* **WHAT TO DO**: The result should hold only the lines from the one with "友寄 亞墮夢さんを姓名の画数から五運を鑑定" through the final line of the data below, transcribed exactly, pictures left out.

------

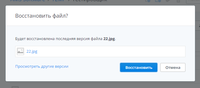 Чтобы восстановить последнюю версию, нужно нажать кнопку Восстановить. Или можно нажать Просмотреть другие версии и восстановить более старые версии (см. выше пункт Восстановление предыдущей версии существующего файла).
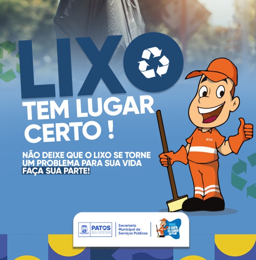 LIXO TEM LUGAR CERTO! Prefeitura de Patos reforça pedido sobre descarte regular de lixo. Confira cronograma da coleta
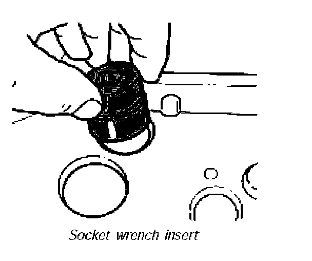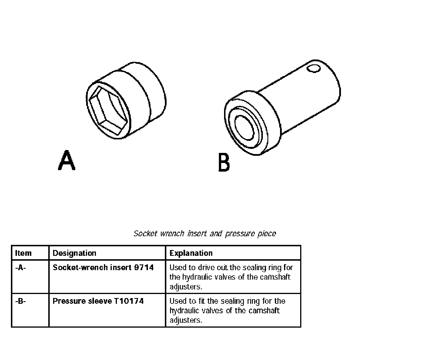 2. Place top chain case lid on a level support. Make sure to leave sufficient space below the chain case lid for driving out the sealing ring. Drive out sealing ring using socket wrench insert 9714 and a plastic hammer --> Socket wrench insert.
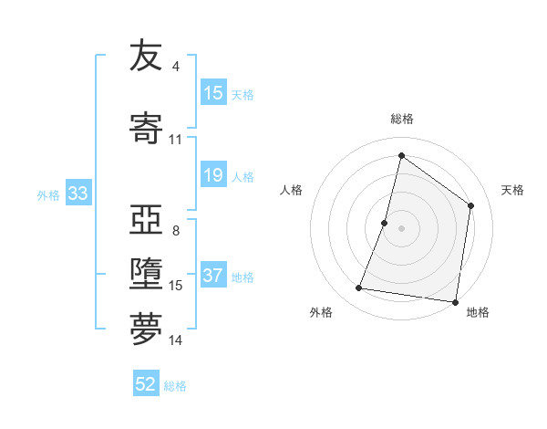 友寄 亞墮夢さんを姓名の画数から五運を鑑定
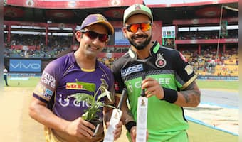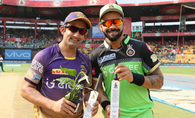 TOSS: Kolkata Knight Riders win the toss, and captain Gautam Gambhir elects to field first. Royal Challengers Bangalore skipper Virat Kohli says he would have preferred batting first anyway.
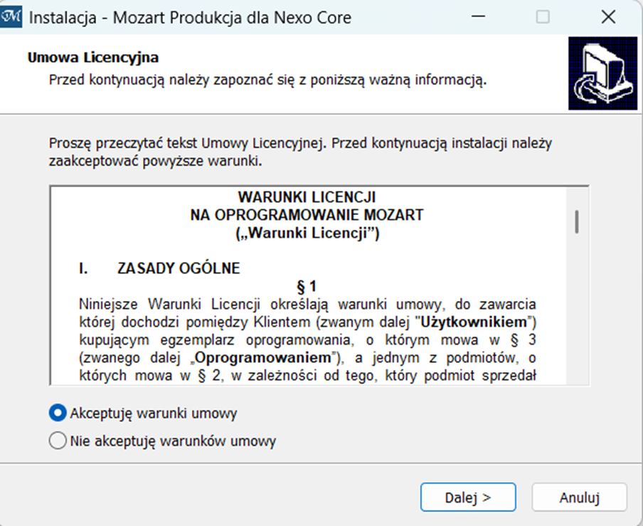 Otwieramy pobrany plik. W pierwszym oknie musimy zaakceptować warunki umowy.
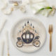 This elegant design features a feminine fairytale carriage in navy blue with a princess castle behind adorned with blush pink florals.

------

* **SOLUTION TO THE EXERCISE**:
 友寄 亞墮夢さんを姓名の画数から五運を鑑定
 TOSS: Kolkata Knight Riders win the toss, and captain Gautam Gambhir elects to field first. Royal Challengers Bangalore skipper Virat Kohli says he would have preferred batting first anyway.
 Otwieramy pobrany plik. W pierwszym oknie musimy zaakceptować warunki umowy.
 This elegant design features a feminine fairytale carriage in navy blue with a princess castle behind adorned with blush pink florals.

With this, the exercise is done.